Art Appreciation

Roman Kress

Junior Roman Kress is an aspiring and dedicated artist, whose commitment and determination have helped him pursue his artistic passions and improve his abilities. It was almost inevitable for Kress to start a journey that involved art, as he was surrounded and influenced by art since childhood, 

“My dad is an artist, he initially started out painting, and then as he got better he moved into sculpting and that’s usually what he does, that’s what he primarily does right now,” Kress said. “Growing up with that influence is entirely the reason I’m an artist. All of my siblings are artists as well. It definitely rubbed off. A lot of my aunts and uncles are also artists. It’s definitely a gene that follows through.”

As an artist, Kress enjoys the skill progression and growth that comes with doing art, the constant improvement. 

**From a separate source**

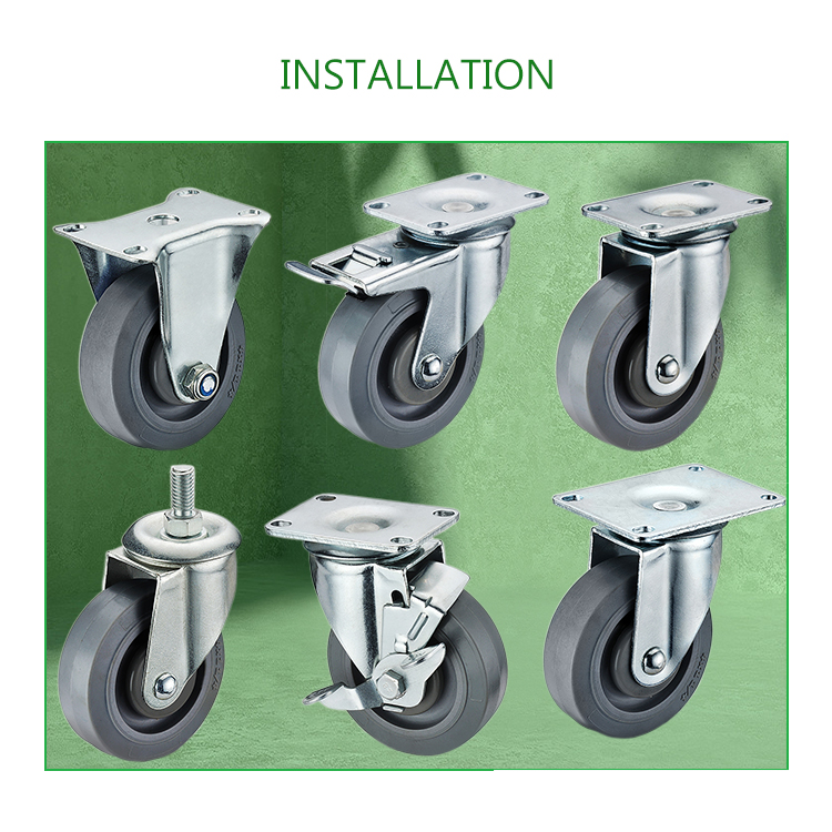 Application: Logistics Equipment, Medical Equipment, Supermarket Trolley, Cleaning Equipment, Furniture. Installation About the Fixings, you can choose it as your demand, such as flat plate swivel, bolt hole, threaded stem, round solid plug,expanding socket etc. We also provide personality service.

“It’s just really fun. It’s such a joy to get better and even more of a pleasure to see yourself grow,” Kress said. “It definitely progresses over time but it’s not just a steadily moving skill. It’s somewhat scary to see yourself progress so quickly in a short amount of time. It’s such a fun thing and so satisfying. It’s what I’ve done forever and it’s what I’ll do forever.”

Anyone participating in talents like art have people, aspects, or idols that they look up to for inspiration. For Kress, his inspirations include Japanese manga and anime. One particular graphic artist, MC Escher, is one of his earlier inspirations. 

“One of my favorite pieces of art is a piece of his called ‘Up And Down’. It’s a multi-perspective look at the same environment. It’s two-perspective but they align perfectly,” Kress said. “It’s the weirdest thing ever. So much of his art influenced my own style. It really transformed my perspective on art and what it could be, and I still look up to his work all the time.” 

As Kress grew as an artist, his inspirational figures also changed.

“I still think the biggest inspiration for me moving into my high school career as a freshman was an Eastern artist, Hirohiko Araki. His work is incredible,” Kress said. “It taught me so much about anatomy, form, color. A lot of the basis of my technique came from copying and just studying his work.”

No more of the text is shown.